“And I’m so hungry that I feel like a dog with a bone,” snapped the major. “I won’t give ’em up without a fight. Come in here, my boy, and I’ll have a good try for it. We’ve plenty of ammunition, and perhaps a peppering with small-shot will scare the blackguards away.”
Mark obeyed, and the next moment, with their birds, they were snugly ensconced in a little natural fortification, open to attack only on one side, the others being protected by the rocks and the dense jungle.
This movement took them out of sight of their pursuer, who was hidden now by the trees.
“Now, my boy, lay out some cartridges, and keep down out of sight. You reload, and keep on exchanging guns. I’m a soldier, and will do the fighting.
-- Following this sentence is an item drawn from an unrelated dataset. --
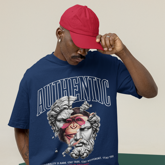 Authentic Premium Navy Blue Oversized Printed T-shirt

I meant to run and leave our dinner, undignified as it may be; but hang me if I do at the sight of a half-naked savage with a spear.”
“But there must be a whole tribe of them behind, sir,” whispered Mark.
“Yes; that’s the worst of it. But never mind, I’ll pepper their skins, and perhaps that will stop them. But look here, my boy, if matters begin to look very ugly you are not to hesitate for a moment.”
“Yah!”
A pause.
“Yoy-oy-oy-oy!”
This last in a different tone, but both yells were of a most savage, highly-pitched nature.